LEARNING TOPOLOGY-PRESERVING DATA REPRESEN-TATIONS

Abstract

We propose a method for learning topology-preserving data representations (dimensionality reduction). The method aims to provide topological similarity between the data manifold and its latent representation via enforcing the similarity in topological features (clusters, loops, 2D voids, etc.) and their localization. The core of the method is the minimization of the Representation Topology Divergence (RTD) between original high-dimensional data and low-dimensional representation in latent space. RTD minimization provides closeness in topological features with strong theoretical guarantees. We develop a scheme for RTD differentiation and apply it as a loss term for the autoencoder. The proposed method "RTD-AE" better preserves the global structure and topology of the data manifold than state-of-theart competitors as measured by linear correlation, triplet distance ranking accuracy, and Wasserstein distance between persistence barcodes.

1. INTRODUCTION

Dimensionality reduction is a useful tool for data visualization, preprocessing, and exploratory data analysis.
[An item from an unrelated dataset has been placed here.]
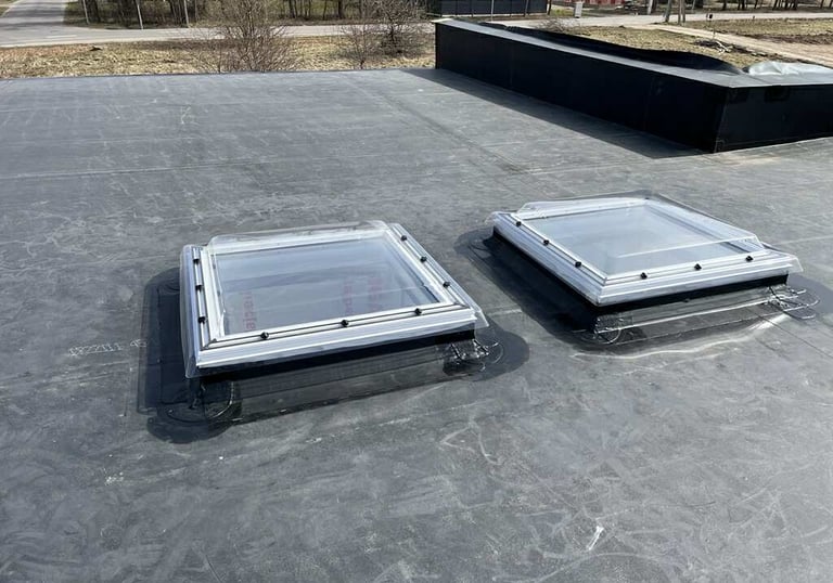 Plokščių stogų įrengimas EPDM danga. Stogų remonto darbai su EPDM ir bitumine danga.

Clearly, immersion of high-dimensional data into 2D or 3D space is impossible without distortions which vary for popular methods. Dimensionality reduction methods can be broadly classified into global and local methods. Classical global methods (PCA, MDS) tend to preserve the global structure of a manifold. However, in many practical applications, produced visualizations are non-informative since they don't capture complex non-linear structures. Local methods (UMAP (McInnes et al., 2018 ), PaCMAP (Wang et al., 2021 ), t-SNE (Van der Maaten & Hinton, 2008 ), Laplacian Eigenmaps (Belkin & Niyogi, 2001) , ISOMAP (Tenenbaum et al., 2000) ) focus on preserving neighborhood data and local structure with the cost of sacrificing the global structure. The most popular methods like t-SNE and UMAP are a good choice for inferring cluster structures but often fail to describe correctly the data manifold's topology. t-SNE and UMAP have hyperparameters influencing representations neighborhood size taken into account. Different values of hyperparameters lead to significantly different visualizations and neither of them is the "canonical" one that correctly represents high-dimensional data. We take a different perspective on dimensionality reduction. We propose the approach based on Topological Data Analysis (TDA). Topological Data Analysis (Barannikov, 1994; Zomorodian, 2001; Chazal & Michel, 2017 ) is a field devoted to the numerical description of multi-scale topological properties of data distributions by analyzing point clouds sampled from them. TDA methods naturally capture properties of data manifolds on multiple distance scales and are arguably a good trade-off between local and global approaches. The state-of-the-art TDA approach of this kind is TopoAE (Moor et al., 2020) . However, it has several weaknesses: 1) the loss term is not continuous 2) the nullity of the loss term is only necessary but not a sufficient condition for the coincidence of topology, as measured by persistence barcodes, see more details in Appendix J.